Given information.
○ ○ ○ ○
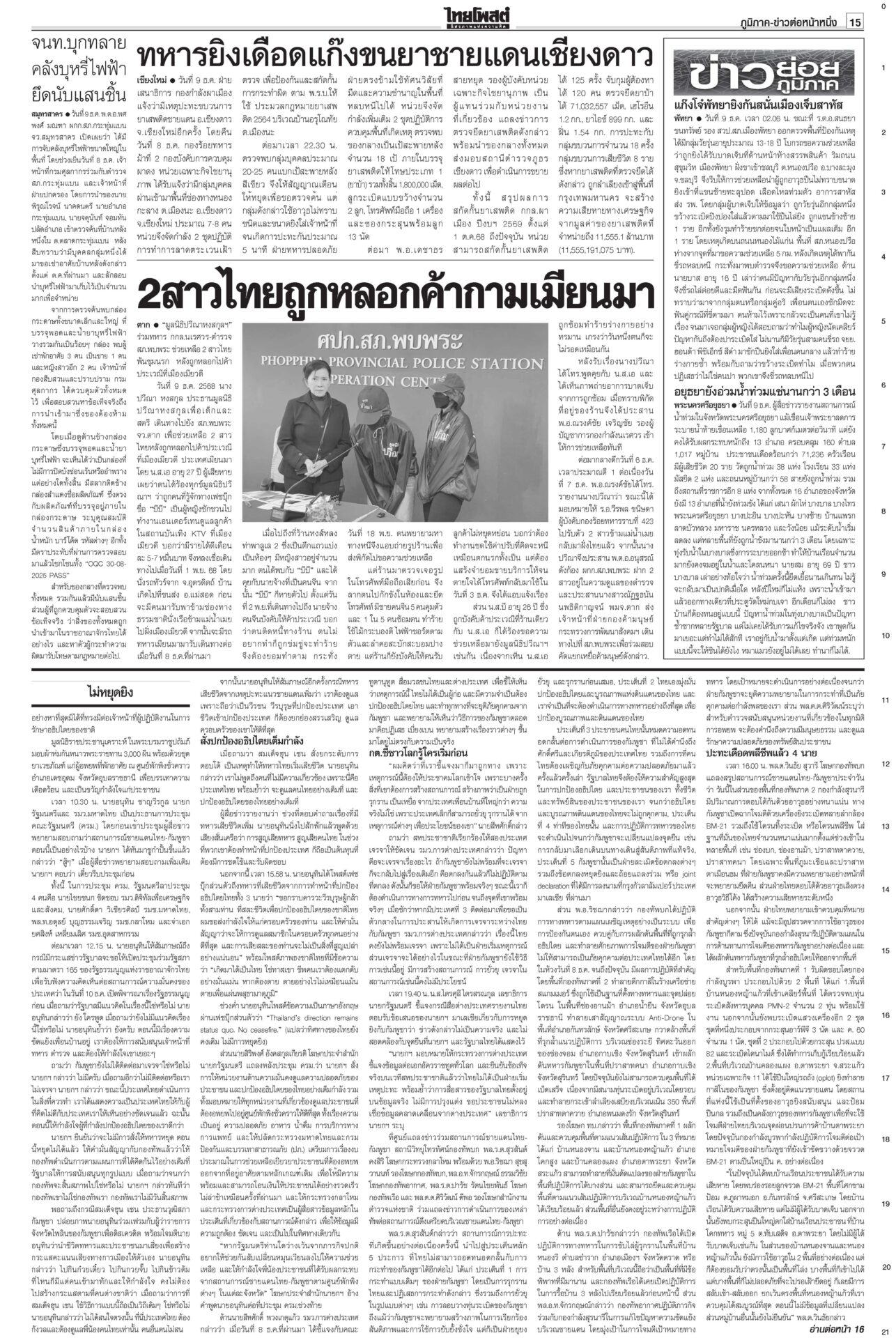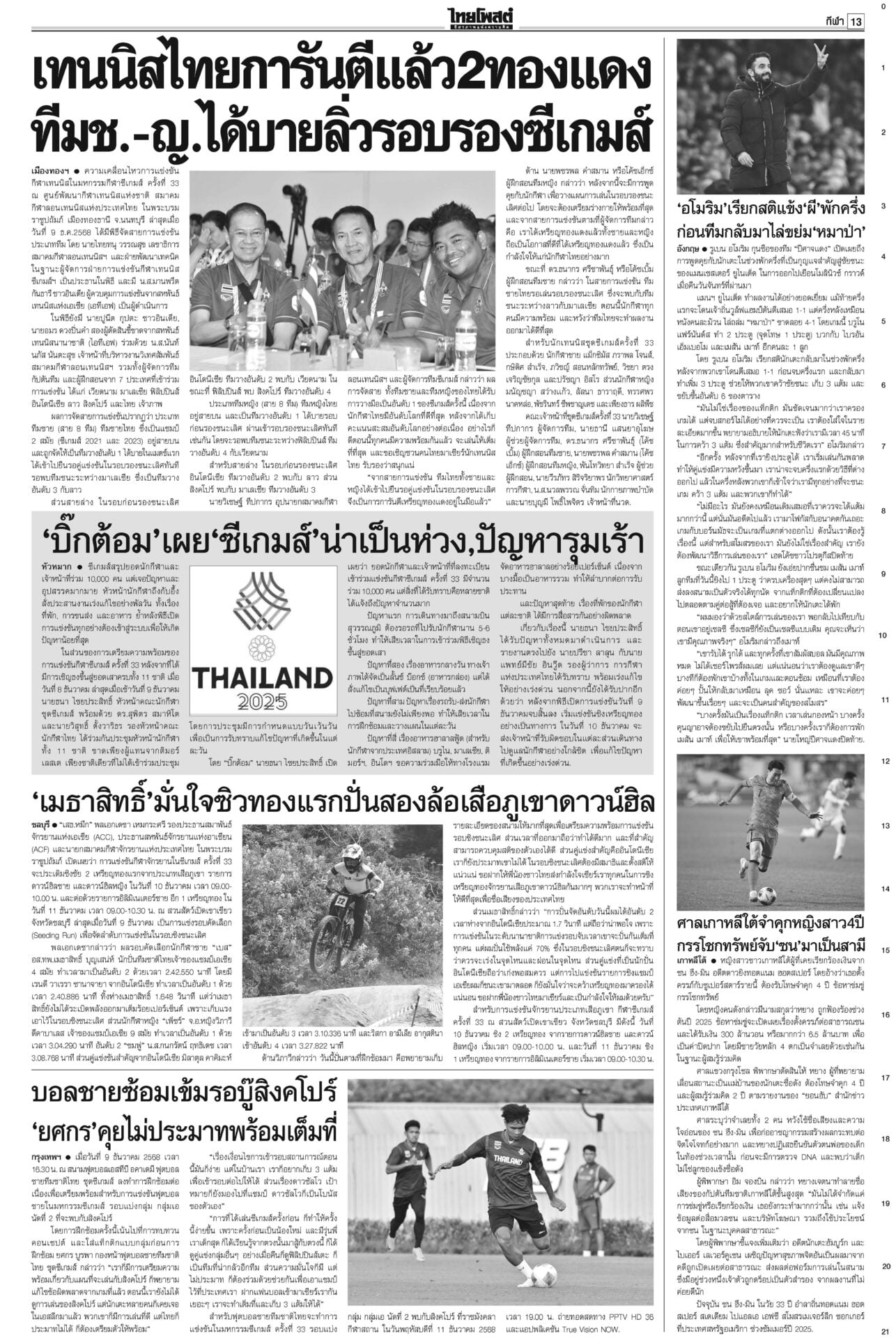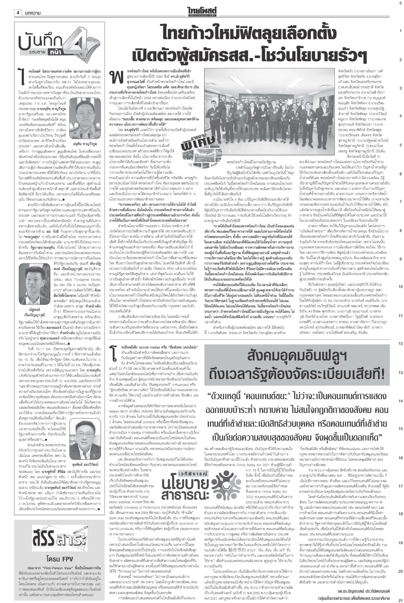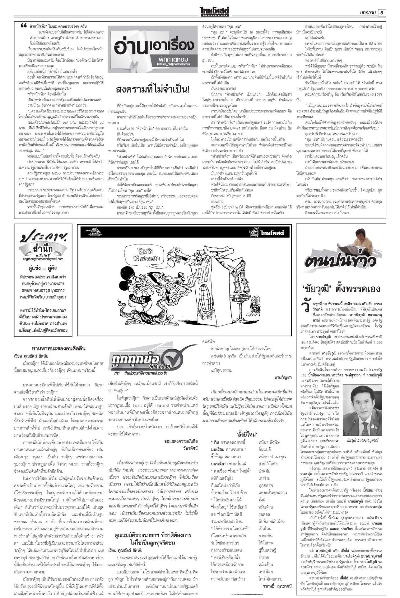 ฉบับวันที่ 10 ธันวาคม 2568 10 ธันวาคม 2568 เวลา 0:01 น. หนังสือพิมพ์ ฉบับวันที่ 10 ธันวาคม 2568ข่าวหน้าหนึ่งไม่หยุดยิงสยบเขมร ถล่มกาสิโนทำลายคลังอาวุธ/ในหลวงทรงห่วงทหารไทยพระบาทสมเด็จพระเจ้าอยู่หัว ทรงห่วงใยติดตามอาการทหารที่ได้รับบาดเจ็บจากเหตุสู้รบชายแดนไทย-กัมพูชา “นายกฯ” ชูกำปั้นบอก “สู้ๆ” หลังสื่อถามสถานการณ์ชายแดนไทย-กัมพูชา รธน.จบ‘ยุบสภา’ก่อน31ม.ค.“อนุทิน” แจ้งที่ประชุมหัวหน้าส่วนราชการนับถอยหลังยุบสภาเร็วกว่า 31 ม.ค.69 ปปช.สาวจนท.พันเบนสมิธ ธุรกิจลูกก๊กอานแค่บริษัทเก๊“เสธ.แมว” ชี้วิกฤตชายแดน ปมหนึ่งมาจากไทยฟันเครือข่ายสแกมเมอร์ “ดีเอสไอ” เผยผลสอบ 5 บริษัท “ลูกก๊ก อาน” ส่วนใหญ่เป็นเพียงบริษัทกระดาษ ‘หนู’ปราบโกง ลุยอุดช่องโหว่ ใช้กม.เด็ดขาดนายกฯ อนุทินนำปฏิญาณต่อต้านทุจริต หลัง CPI ไทยรั้งท้าย อันดับ 107 ของโลก 16ธ.ค.เคาะคนละครึ่งเฟส2“อนุทิน” ย้ำ “คนละครึ่งพลัส” เฟสสองทำแน่ ตราบใดยังมีอำนาจเต็ม “โฆษกรัฐบาล” เผยชงเข้า ครม.สัปดาห์หน้า คาดให้ 10 ล้านสิทธิ์ Tagsรายวันหนังสือพิมพ์ ข่าวที่เกี่ยวข้อง ฉบับวันที่ 14 ธันวาคม 2568 ฉบับวันที่ 14 ธันวาคม 2568 ฉบับวันที่ 13 ธันวาคม 2568 ฉบับวันที่ 12 ธันวาคม 2568 ฉบับวันที่ 11 ธันวาคม 2568 ฉบับวันที่ 9 ธันวาคม 2568 ฉบับวันที่ 8 ธันวาคม 2568 NEWS UPDATE 0:30 น. ชวนทำบุญ อิ่มใจ ร้านกาชาด กฟผ. จัดเต็มสอยดาวฉลากเบอร์ 5 ชมนิทรรศการแสงแห่งพระเมตตา สถิตย์ในใจประชานิจนิรันดร์ รำลึก’พระพันปีหลวง’ 0:01 น. เร่งเกม'เลือกตั้ง-จบศึกชายแดน' เมื่อทุกแนวรบกำลังได้เปรียบ 23:09 น. 'ฟิกเกอร์ฯ'สร้างประวัติศาสตร์ คว้า1เหรียญทอง1เงิน1ทองแดง 'ฟิกเกอร์สเก็ต'ซีเกมส์2025 22:38 น. สอยคิวไทยเชือดนิ่มลาว 3-1 เฟรม คว้าทองสนุกเกอร์ 15 แดง ทีมชาย ศึกซีเกมส์ 22:33 น. 'กรวิชญ์'ซิวเหรียญเงิน สเก็ตบอร์ดพาร์ค 'เฟรย่า'วัย12ปีได้ทองแดงหญิง
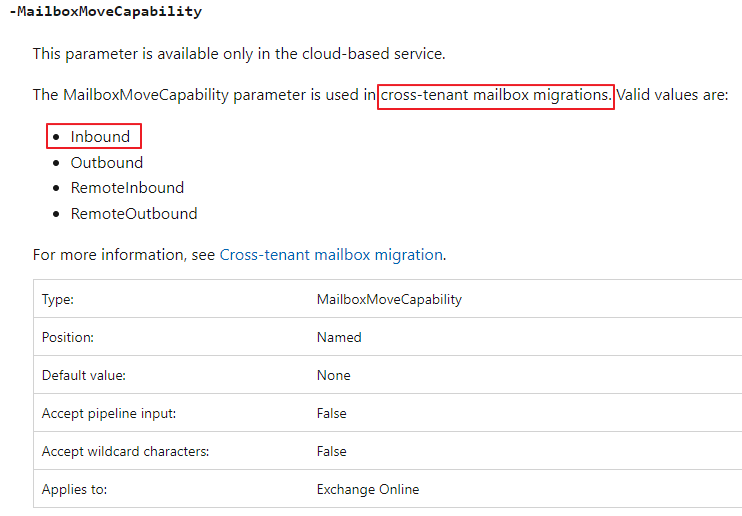 MailboxMoveCapability is understood as specifying the direction of Cross-Tenant Mailbox Migration.
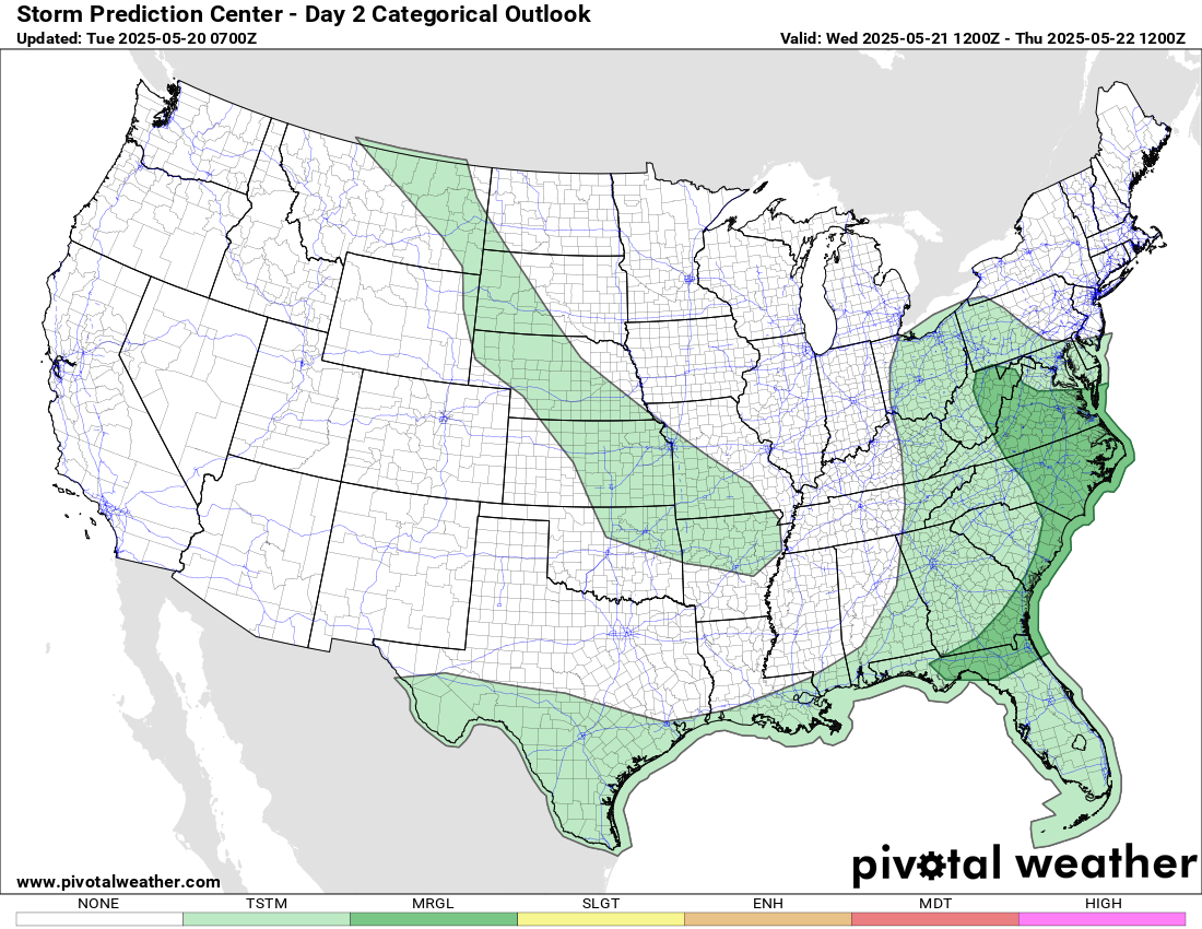 The storm system responsible for the severe weather today will continue to move east Wednesday with scattered showers and thunderstorms expected across the region. While the threat of severe storms and heavy rainfall will be less than the last several days, there will likely be some isolated incidences of severe weather and flash flooding, with a marginal (level 1 of 5) risk of severe weather along the East Coast.
○ ○ ○ ○
Assigned task.
Your answer must be an exact copy of the listing, minus its pictures.

Response.
 ฉบับวันที่ 10 ธันวาคม 2568 10 ธันวาคม 2568 เวลา 0:01 น. หนังสือพิมพ์ ฉบับวันที่ 10 ธันวาคม 2568ข่าวหน้าหนึ่งไม่หยุดยิงสยบเขมร ถล่มกาสิโนทำลายคลังอาวุธ/ในหลวงทรงห่วงทหารไทยพระบาทสมเด็จพระเจ้าอยู่หัว ทรงห่วงใยติดตามอาการทหารที่ได้รับบาดเจ็บจากเหตุสู้รบชายแดนไทย-กัมพูชา “นายกฯ” ชูกำปั้นบอก “สู้ๆ” หลังสื่อถามสถานการณ์ชายแดนไทย-กัมพูชา รธน.จบ‘ยุบสภา’ก่อน31ม.ค.“อนุทิน” แจ้งที่ประชุมหัวหน้าส่วนราชการนับถอยหลังยุบสภาเร็วกว่า 31 ม.ค.69 ปปช.สาวจนท.พันเบนสมิธ ธุรกิจลูกก๊กอานแค่บริษัทเก๊“เสธ.แมว” ชี้วิกฤตชายแดน ปมหนึ่งมาจากไทยฟันเครือข่ายสแกมเมอร์ “ดีเอสไอ” เผยผลสอบ 5 บริษัท “ลูกก๊ก อาน” ส่วนใหญ่เป็นเพียงบริษัทกระดาษ ‘หนู’ปราบโกง ลุยอุดช่องโหว่ ใช้กม.เด็ดขาดนายกฯ อนุทินนำปฏิญาณต่อต้านทุจริต หลัง CPI ไทยรั้งท้าย อันดับ 107 ของโลก 16ธ.ค.เคาะคนละครึ่งเฟส2“อนุทิน” ย้ำ “คนละครึ่งพลัส” เฟสสองทำแน่ ตราบใดยังมีอำนาจเต็ม “โฆษกรัฐบาล” เผยชงเข้า ครม.สัปดาห์หน้า คาดให้ 10 ล้านสิทธิ์ Tagsรายวันหนังสือพิมพ์ ข่าวที่เกี่ยวข้อง ฉบับวันที่ 14 ธันวาคม 2568 ฉบับวันที่ 14 ธันวาคม 2568 ฉบับวันที่ 13 ธันวาคม 2568 ฉบับวันที่ 12 ธันวาคม 2568 ฉบับวันที่ 11 ธันวาคม 2568 ฉบับวันที่ 9 ธันวาคม 2568 ฉบับวันที่ 8 ธันวาคม 2568 NEWS UPDATE 0:30 น. ชวนทำบุญ อิ่มใจ ร้านกาชาด กฟผ. จัดเต็มสอยดาวฉลากเบอร์ 5 ชมนิทรรศการแสงแห่งพระเมตตา สถิตย์ในใจประชานิจนิรันดร์ รำลึก’พระพันปีหลวง’ 0:01 น. เร่งเกม'เลือกตั้ง-จบศึกชายแดน' เมื่อทุกแนวรบกำลังได้เปรียบ 23:09 น. 'ฟิกเกอร์ฯ'สร้างประวัติศาสตร์ คว้า1เหรียญทอง1เงิน1ทองแดง 'ฟิกเกอร์สเก็ต'ซีเกมส์2025 22:38 น. สอยคิวไทยเชือดนิ่มลาว 3-1 เฟรม คว้าทองสนุกเกอร์ 15 แดง ทีมชาย ศึกซีเกมส์ 22:33 น. 'กรวิชญ์'ซิวเหรียญเงิน สเก็ตบอร์ดพาร์ค 'เฟรย่า'วัย12ปีได้ทองแดงหญิง
 MailboxMoveCapability is understood as specifying the direction of Cross-Tenant Mailbox Migration.
 The storm system responsible for the severe weather today will continue to move east Wednesday with scattered showers and thunderstorms expected across the region. While the threat of severe storms and heavy rainfall will be less than the last several days, there will likely be some isolated incidences of severe weather and flash flooding, with a marginal (level 1 of 5) risk of severe weather along the East Coast.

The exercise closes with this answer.